THE INPUT Block Start

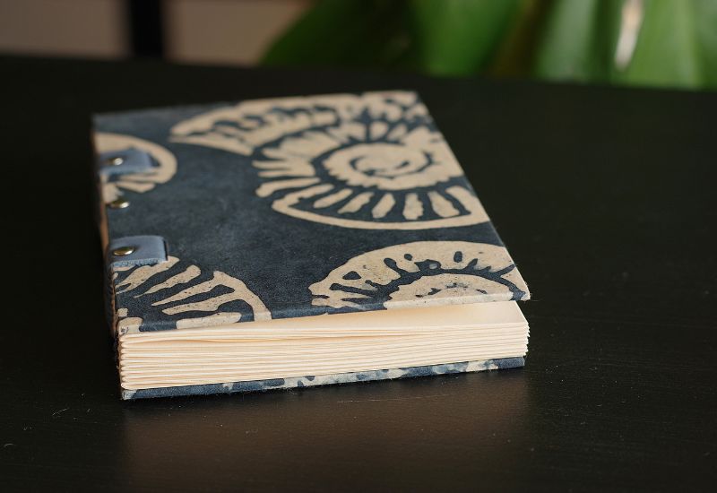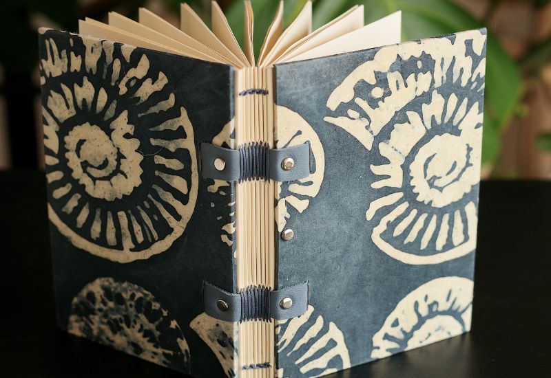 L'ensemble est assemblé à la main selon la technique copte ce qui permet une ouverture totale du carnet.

THE INPUT Block End
THE INPUT Block Start

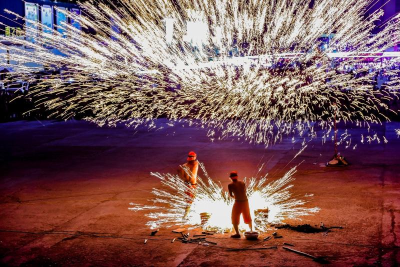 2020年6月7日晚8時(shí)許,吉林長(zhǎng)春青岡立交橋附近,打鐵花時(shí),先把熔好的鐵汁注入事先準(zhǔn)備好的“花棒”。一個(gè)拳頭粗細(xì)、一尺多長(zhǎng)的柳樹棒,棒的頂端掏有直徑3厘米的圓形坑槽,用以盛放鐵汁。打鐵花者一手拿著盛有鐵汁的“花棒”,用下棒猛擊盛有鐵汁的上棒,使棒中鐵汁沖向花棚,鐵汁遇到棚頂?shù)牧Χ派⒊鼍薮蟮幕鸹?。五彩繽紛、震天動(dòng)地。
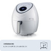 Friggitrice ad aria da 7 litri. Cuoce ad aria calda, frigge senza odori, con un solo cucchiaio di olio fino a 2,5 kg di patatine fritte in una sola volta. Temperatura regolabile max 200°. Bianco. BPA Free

THE INPUT Block End

REQUIRED WORK: When you reach the line with "2020年6月7日晚8時(s" in the records above, start writing out each line exactly, and stop after the line with "Friggitrice ad aria". Pictures stay out.

EXPECTED ANSWER:
 2020年6月7日晚8時(shí)許,吉林長(zhǎng)春青岡立交橋附近,打鐵花時(shí),先把熔好的鐵汁注入事先準(zhǔn)備好的“花棒”。一個(gè)拳頭粗細(xì)、一尺多長(zhǎng)的柳樹棒,棒的頂端掏有直徑3厘米的圓形坑槽,用以盛放鐵汁。打鐵花者一手拿著盛有鐵汁的“花棒”,用下棒猛擊盛有鐵汁的上棒,使棒中鐵汁沖向花棚,鐵汁遇到棚頂?shù)牧Χ派⒊鼍薮蟮幕鸹?。五彩繽紛、震天動(dòng)地。
 Friggitrice ad aria da 7 litri. Cuoce ad aria calda, frigge senza odori, con un solo cucchiaio di olio fino a 2,5 kg di patatine fritte in una sola volta. Temperatura regolabile max 200°. Bianco. BPA Free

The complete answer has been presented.